_TASK STATEMENT_:
Word for word, print out all of the data, omitting every image.

_DATA_:

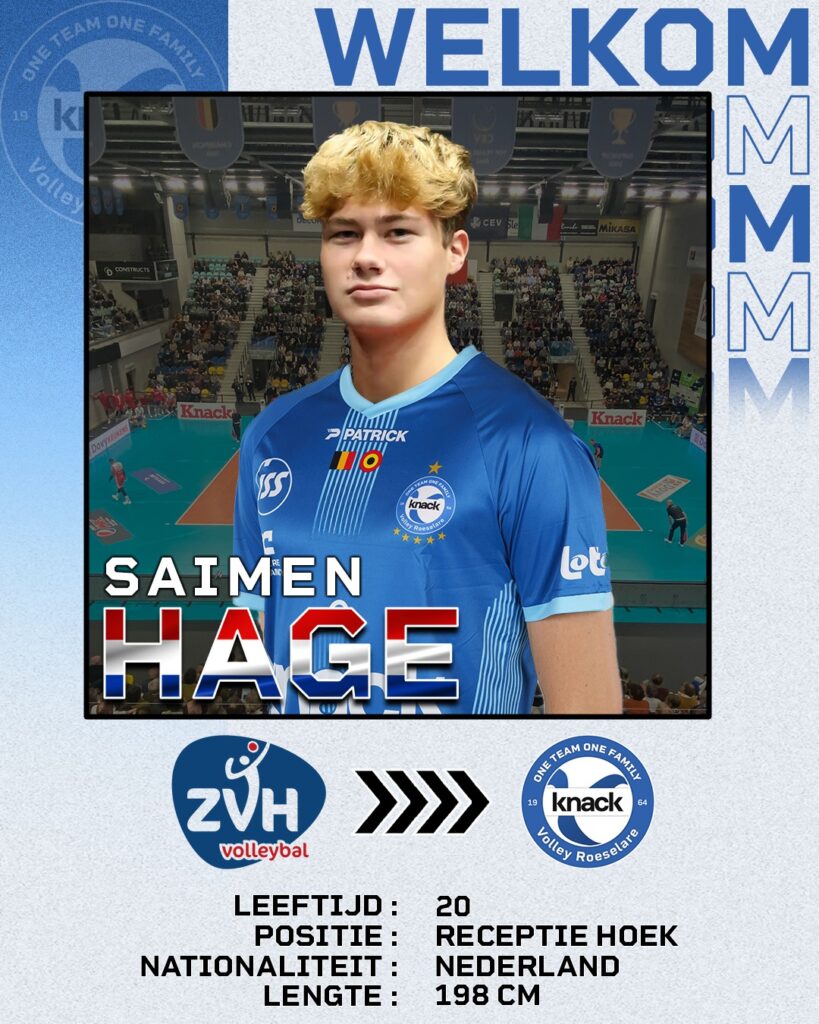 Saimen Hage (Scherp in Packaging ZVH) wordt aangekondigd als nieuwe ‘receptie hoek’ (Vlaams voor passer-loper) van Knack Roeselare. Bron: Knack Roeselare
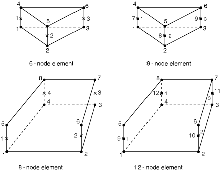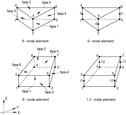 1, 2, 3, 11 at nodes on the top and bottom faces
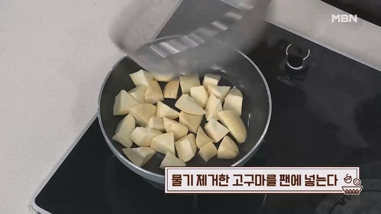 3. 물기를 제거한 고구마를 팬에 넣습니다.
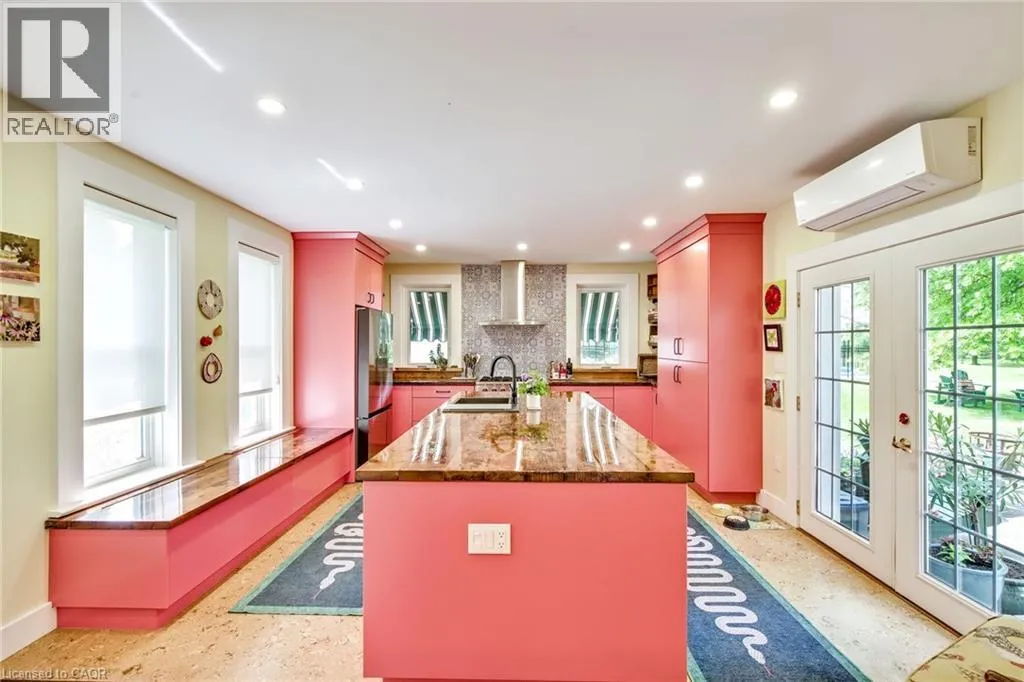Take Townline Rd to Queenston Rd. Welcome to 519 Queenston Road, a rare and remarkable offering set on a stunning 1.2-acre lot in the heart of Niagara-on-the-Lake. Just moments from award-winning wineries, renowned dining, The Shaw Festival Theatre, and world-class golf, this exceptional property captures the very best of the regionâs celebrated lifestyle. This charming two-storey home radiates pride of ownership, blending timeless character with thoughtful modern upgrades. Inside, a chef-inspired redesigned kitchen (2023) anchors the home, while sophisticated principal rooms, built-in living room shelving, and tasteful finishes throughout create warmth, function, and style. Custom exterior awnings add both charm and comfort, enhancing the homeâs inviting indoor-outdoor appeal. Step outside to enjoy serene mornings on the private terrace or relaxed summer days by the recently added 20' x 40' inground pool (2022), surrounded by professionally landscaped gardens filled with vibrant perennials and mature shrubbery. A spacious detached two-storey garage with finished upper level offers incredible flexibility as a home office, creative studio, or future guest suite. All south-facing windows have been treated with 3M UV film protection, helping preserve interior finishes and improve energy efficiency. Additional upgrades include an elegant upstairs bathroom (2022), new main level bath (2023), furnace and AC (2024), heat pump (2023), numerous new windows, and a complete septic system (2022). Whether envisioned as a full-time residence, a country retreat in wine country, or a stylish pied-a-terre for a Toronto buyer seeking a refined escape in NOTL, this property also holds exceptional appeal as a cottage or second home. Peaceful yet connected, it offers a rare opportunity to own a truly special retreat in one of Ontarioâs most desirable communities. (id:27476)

_RESPONSE_:
 Saimen Hage (Scherp in Packaging ZVH) wordt aangekondigd als nieuwe ‘receptie hoek’ (Vlaams voor passer-loper) van Knack Roeselare. Bron: Knack Roeselare
 1, 2, 3, 11 at nodes on the top and bottom faces
 3. 물기를 제거한 고구마를 팬에 넣습니다.
Take Townline Rd to Queenston Rd. Welcome to 519 Queenston Road, a rare and remarkable offering set on a stunning 1.2-acre lot in the heart of Niagara-on-the-Lake. Just moments from award-winning wineries, renowned dining, The Shaw Festival Theatre, and world-class golf, this exceptional property captures the very best of the regionâs celebrated lifestyle. This charming two-storey home radiates pride of ownership, blending timeless character with thoughtful modern upgrades. Inside, a chef-inspired redesigned kitchen (2023) anchors the home, while sophisticated principal rooms, built-in living room shelving, and tasteful finishes throughout create warmth, function, and style. Custom exterior awnings add both charm and comfort, enhancing the homeâs inviting indoor-outdoor appeal. Step outside to enjoy serene mornings on the private terrace or relaxed summer days by the recently added 20' x 40' inground pool (2022), surrounded by professionally landscaped gardens filled with vibrant perennials and mature shrubbery. A spacious detached two-storey garage with finished upper level offers incredible flexibility as a home office, creative studio, or future guest suite. All south-facing windows have been treated with 3M UV film protection, helping preserve interior finishes and improve energy efficiency. Additional upgrades include an elegant upstairs bathroom (2022), new main level bath (2023), furnace and AC (2024), heat pump (2023), numerous new windows, and a complete septic system (2022). Whether envisioned as a full-time residence, a country retreat in wine country, or a stylish pied-a-terre for a Toronto buyer seeking a refined escape in NOTL, this property also holds exceptional appeal as a cottage or second home. Peaceful yet connected, it offers a rare opportunity to own a truly special retreat in one of Ontarioâs most desirable communities. (id:27476)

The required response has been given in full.